Brand Comm, the Bangalore-headquartered advertising, brand consulting and PR agency, completes seven years on December 18, 2005. With a near equal split in terms of work share between its advertising and PR practices, and a thriving brand consulting practice, the agency is betting big on ‘internal communications’ as an area of operation in the years ahead. The agency is set to close the financial year with 35 per cent growth over the previous year, up 10 per cent from the year before.

Said Sridhar Ramanujam, CEO, Brand Comm, “We have been trying to do some work to propagate interest in branding. The annual business leadership survey among B-schools and Brandwidth seminars are all efforts in this direction. I still think there is a very hazy appreciation of what branding is. Most of those aware of branding and the value of branding are the large MNCs and the like, and they are tuned in already. Most others tend to view branding as an identity.”

Ramanujam explained that while smaller companies had a need for brand consulting, they might not be able to afford expertise in the area. Valuation of brands was another growing area, according to him.

“Now, we see the media giving more importance to this subject. The signs are good and we are poised to take advantage of that. We see brand consulting occupying a significant place,” added Ramanujam.

Approximately 50 per cent of the agency’s business comes in from the public relations practice, and another 40 from its advertising practice. The remaining 10 per cent is from the brand consulting services.

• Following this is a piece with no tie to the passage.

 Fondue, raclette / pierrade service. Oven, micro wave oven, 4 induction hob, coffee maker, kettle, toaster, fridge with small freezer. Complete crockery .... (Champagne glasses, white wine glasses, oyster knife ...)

A “significant shift is expected in the next couple of years”, given that many of the brand consulting assignments are larger. “We are in the fray for a couple of projects,” Ramanujam said. And being an integrated marketing communications agency had its set of challenges in an era of specialist agencies and unbundling, he admited. “The need for IMC is not very strongly perceived by clients. We have to communicate what we are offering.”

The next big opportunity is perceived by the agency in internal communication for technology companies. And ad agencies were not “too interested” on this communication need, from a business and visibility perspective, in Ramanujam’s opinion.

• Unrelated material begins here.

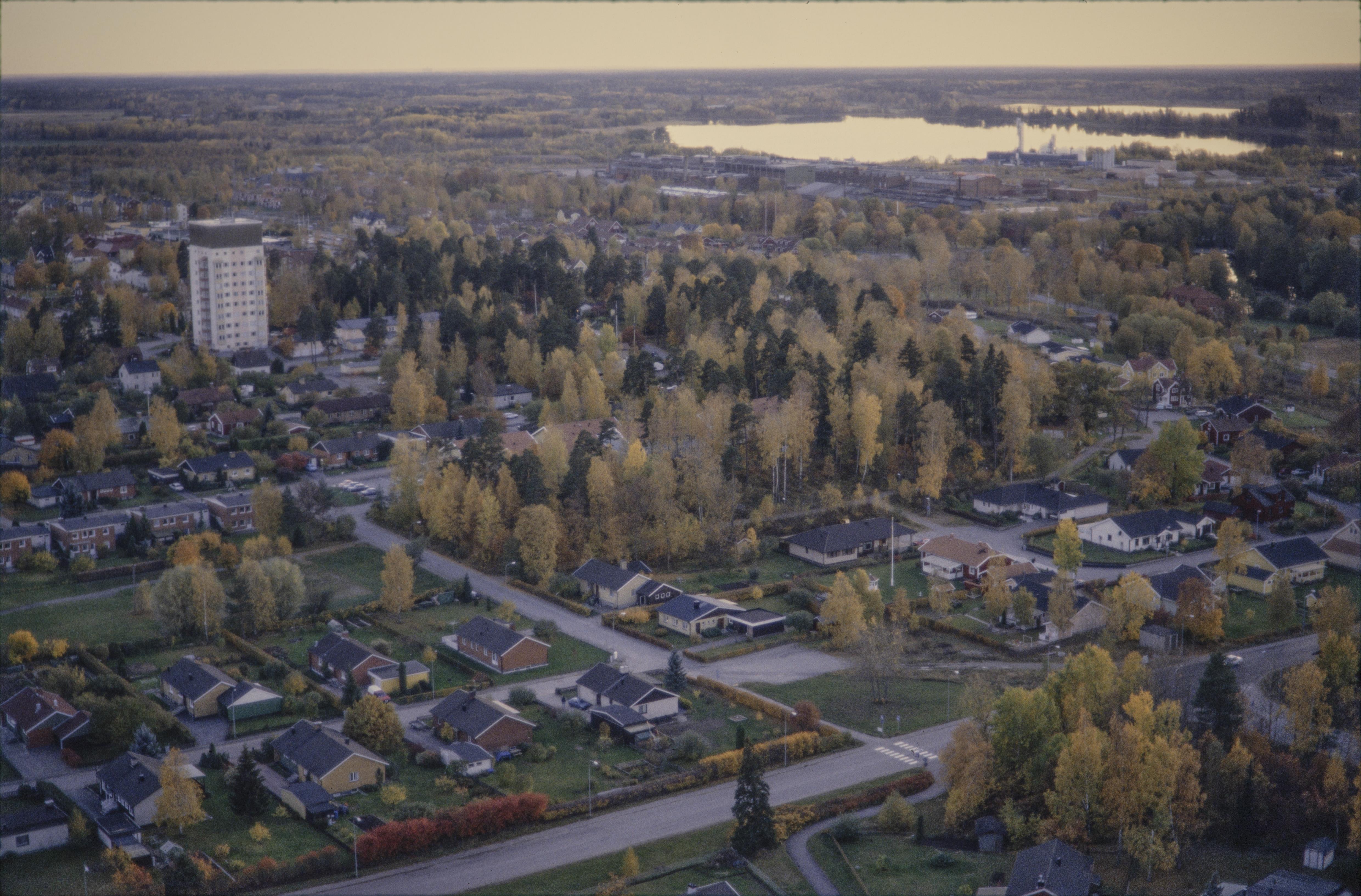 Beskrivning: Surahammars tätort och bruk RAÄnr Sura 49:1. Den höga byggnaden uppe till vänster står vid Skogsvägen och Bergsgatan. I bildens övre del Östersjön och byggnadsminnet Strömsholms kanal. Bilden är tagen mot (väderstreck): SSV

He explained, “With people coming in from different regions and cultural backgrounds, it is a challenge to communicate the values that the brand stands for, in a manner that is interesting, and a manner employees can relate to. For the Philips software division, we must have done at least 300 different pieces of work.”

A diversified portfolio was the focus for the year, and one of the reasons being that this was seen as the best way to retain talent. With a 60-member team spread out across its Bangalore, Chennai, Mumbai, Delhi and Hyderabad offices, Brand Comm is in the process of strengthening its Mumbai and Delhi offices.

“As an industry, we in the business of PR are also responsible for some of our current problems. We will not move towards the stature of a consultant if we don’t offer strategic inputs. When a large agency offers 100 clips a month at Rs 40,000, it becomes difficult to move up the value chain. Advertising has moved up to a point,” he remarked.